The lines in the listing below are to be given again exactly, starting at the line holding "Våra representanter på" and ending at the line holding "笑顔の女性 三角帽子 鼻めがね". Do not include pictures.

*Data for analysis*

*** Begin section ***

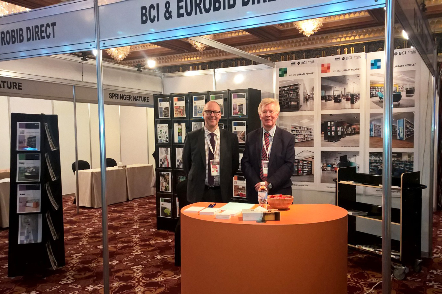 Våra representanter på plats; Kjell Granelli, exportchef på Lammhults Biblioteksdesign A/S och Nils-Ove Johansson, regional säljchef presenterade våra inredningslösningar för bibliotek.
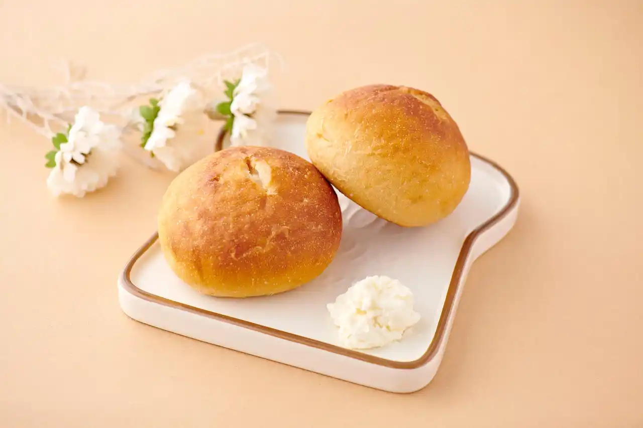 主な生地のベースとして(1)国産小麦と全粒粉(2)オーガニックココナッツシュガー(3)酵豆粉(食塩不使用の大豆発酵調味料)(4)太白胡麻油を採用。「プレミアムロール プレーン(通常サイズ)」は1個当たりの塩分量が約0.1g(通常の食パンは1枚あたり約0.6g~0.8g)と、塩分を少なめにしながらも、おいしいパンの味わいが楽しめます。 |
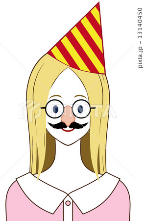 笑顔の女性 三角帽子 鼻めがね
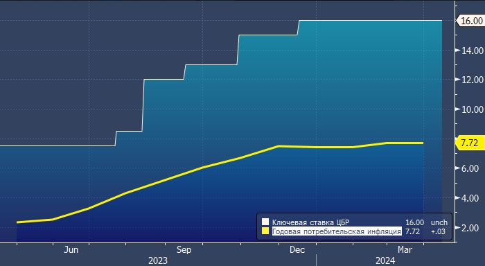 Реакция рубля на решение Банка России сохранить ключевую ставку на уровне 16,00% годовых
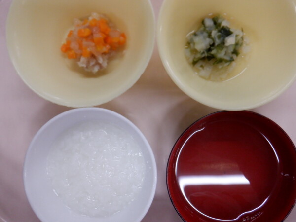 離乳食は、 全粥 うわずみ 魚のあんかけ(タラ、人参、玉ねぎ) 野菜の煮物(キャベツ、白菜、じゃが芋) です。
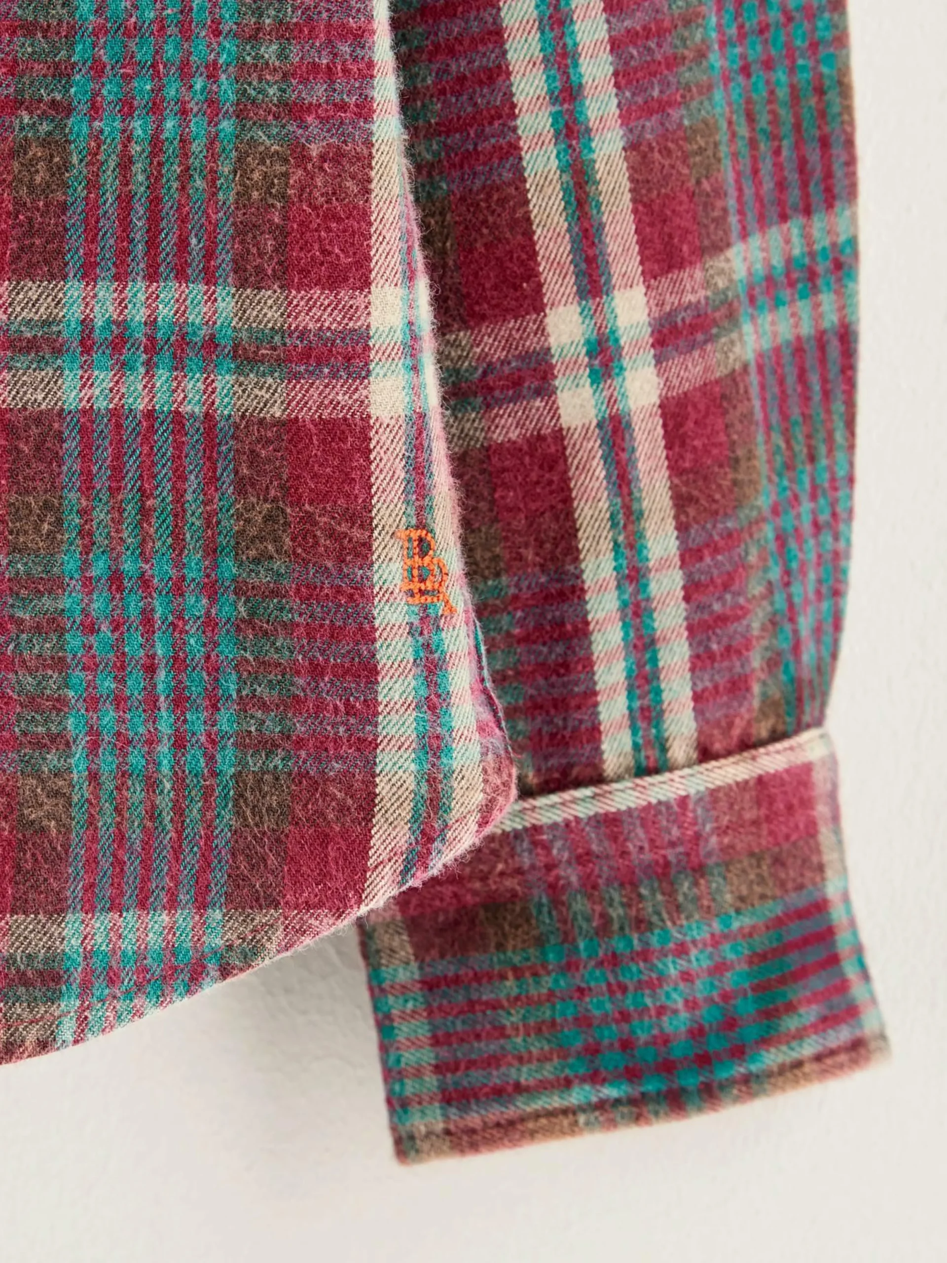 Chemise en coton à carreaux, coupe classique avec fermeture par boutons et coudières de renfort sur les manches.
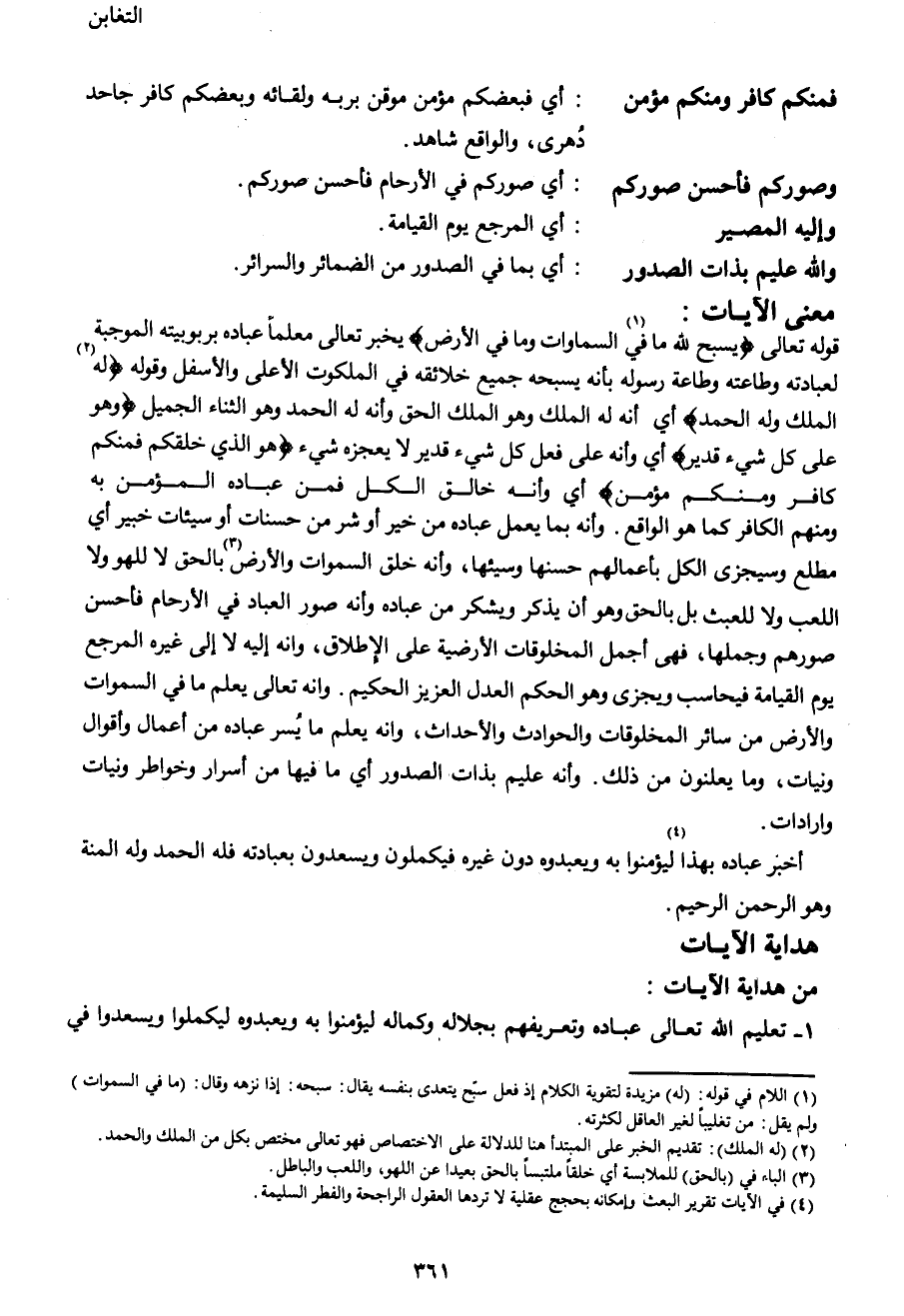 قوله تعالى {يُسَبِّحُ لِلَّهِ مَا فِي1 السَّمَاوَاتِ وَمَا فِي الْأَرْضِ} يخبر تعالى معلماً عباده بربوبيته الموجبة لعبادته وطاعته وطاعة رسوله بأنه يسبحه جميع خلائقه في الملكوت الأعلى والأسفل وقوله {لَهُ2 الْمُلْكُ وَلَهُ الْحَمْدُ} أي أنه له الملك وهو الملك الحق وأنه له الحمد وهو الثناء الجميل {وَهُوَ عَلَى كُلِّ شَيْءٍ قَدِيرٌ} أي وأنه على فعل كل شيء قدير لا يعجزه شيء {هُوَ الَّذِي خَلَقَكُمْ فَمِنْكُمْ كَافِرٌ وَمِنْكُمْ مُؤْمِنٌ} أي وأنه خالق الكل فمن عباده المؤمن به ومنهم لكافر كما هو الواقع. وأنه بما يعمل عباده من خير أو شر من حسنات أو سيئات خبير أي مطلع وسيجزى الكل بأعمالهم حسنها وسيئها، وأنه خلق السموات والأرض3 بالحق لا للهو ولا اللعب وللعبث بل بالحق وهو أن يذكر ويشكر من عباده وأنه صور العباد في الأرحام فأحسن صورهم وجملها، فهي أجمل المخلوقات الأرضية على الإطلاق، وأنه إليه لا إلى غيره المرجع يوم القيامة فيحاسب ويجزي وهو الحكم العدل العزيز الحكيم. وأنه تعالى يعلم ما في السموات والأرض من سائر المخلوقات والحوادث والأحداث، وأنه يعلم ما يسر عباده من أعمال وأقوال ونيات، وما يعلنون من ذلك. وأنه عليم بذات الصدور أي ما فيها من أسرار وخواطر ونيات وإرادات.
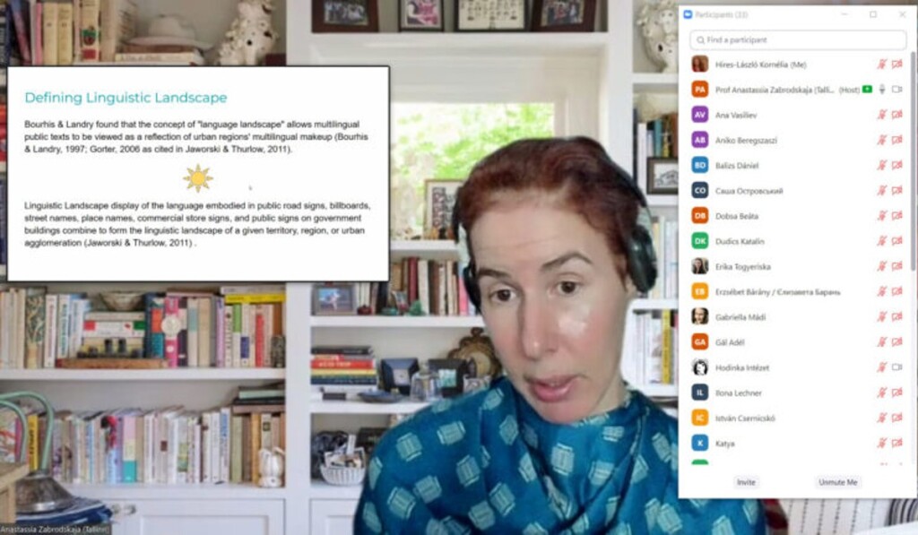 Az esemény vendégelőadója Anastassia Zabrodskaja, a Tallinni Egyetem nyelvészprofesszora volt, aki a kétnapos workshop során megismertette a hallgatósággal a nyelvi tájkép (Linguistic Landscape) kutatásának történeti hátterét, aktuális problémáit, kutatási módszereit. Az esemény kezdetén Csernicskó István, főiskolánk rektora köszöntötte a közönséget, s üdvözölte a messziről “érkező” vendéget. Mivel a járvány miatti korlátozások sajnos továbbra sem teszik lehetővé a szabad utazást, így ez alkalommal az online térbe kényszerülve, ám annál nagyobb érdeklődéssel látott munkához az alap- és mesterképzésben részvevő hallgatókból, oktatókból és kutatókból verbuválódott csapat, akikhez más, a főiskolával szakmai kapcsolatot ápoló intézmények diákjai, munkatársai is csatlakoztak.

*** End section ***
*** Begin section ***

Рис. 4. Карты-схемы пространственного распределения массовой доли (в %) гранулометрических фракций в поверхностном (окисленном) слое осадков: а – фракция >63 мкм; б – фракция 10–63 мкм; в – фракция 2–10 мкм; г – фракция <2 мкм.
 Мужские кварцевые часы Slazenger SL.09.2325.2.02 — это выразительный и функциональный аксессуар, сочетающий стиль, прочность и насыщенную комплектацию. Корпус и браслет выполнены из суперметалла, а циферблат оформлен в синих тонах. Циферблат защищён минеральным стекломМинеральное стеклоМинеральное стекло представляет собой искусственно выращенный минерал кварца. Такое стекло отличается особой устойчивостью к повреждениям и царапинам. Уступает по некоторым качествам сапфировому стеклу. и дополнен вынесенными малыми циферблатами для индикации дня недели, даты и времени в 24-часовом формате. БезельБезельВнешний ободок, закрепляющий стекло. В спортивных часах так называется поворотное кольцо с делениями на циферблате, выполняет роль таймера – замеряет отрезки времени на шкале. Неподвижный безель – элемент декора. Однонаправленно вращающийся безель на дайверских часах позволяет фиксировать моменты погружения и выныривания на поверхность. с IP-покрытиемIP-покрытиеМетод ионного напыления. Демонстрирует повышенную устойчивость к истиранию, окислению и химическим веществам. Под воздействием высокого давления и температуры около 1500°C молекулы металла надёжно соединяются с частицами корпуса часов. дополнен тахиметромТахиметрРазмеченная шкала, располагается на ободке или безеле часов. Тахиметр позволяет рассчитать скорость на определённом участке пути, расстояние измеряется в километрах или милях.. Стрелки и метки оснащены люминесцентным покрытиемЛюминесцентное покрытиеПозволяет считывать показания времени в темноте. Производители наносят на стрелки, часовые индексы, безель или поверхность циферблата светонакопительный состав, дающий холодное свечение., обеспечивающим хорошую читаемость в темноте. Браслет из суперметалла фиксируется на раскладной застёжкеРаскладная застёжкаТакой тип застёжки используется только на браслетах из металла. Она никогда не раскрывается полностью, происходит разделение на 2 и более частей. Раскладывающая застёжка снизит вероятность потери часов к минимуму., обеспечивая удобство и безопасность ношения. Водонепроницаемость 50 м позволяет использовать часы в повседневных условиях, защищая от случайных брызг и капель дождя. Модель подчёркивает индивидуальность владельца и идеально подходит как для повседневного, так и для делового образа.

*** End section ***
*** Begin section ***

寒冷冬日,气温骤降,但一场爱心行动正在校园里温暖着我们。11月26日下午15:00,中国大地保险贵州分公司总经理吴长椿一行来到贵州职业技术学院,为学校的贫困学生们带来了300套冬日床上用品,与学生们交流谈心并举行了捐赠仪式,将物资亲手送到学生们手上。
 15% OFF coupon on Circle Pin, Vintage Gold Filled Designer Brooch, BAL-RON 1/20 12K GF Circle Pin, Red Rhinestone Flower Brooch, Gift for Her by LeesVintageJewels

*** End section ***

*Worked solution*
 Våra representanter på plats; Kjell Granelli, exportchef på Lammhults Biblioteksdesign A/S och Nils-Ove Johansson, regional säljchef presenterade våra inredningslösningar för bibliotek.
 主な生地のベースとして(1)国産小麦と全粒粉(2)オーガニックココナッツシュガー(3)酵豆粉(食塩不使用の大豆発酵調味料)(4)太白胡麻油を採用。「プレミアムロール プレーン(通常サイズ)」は1個当たりの塩分量が約0.1g(通常の食パンは1枚あたり約0.6g~0.8g)と、塩分を少なめにしながらも、おいしいパンの味わいが楽しめます。 |
 笑顔の女性 三角帽子 鼻めがね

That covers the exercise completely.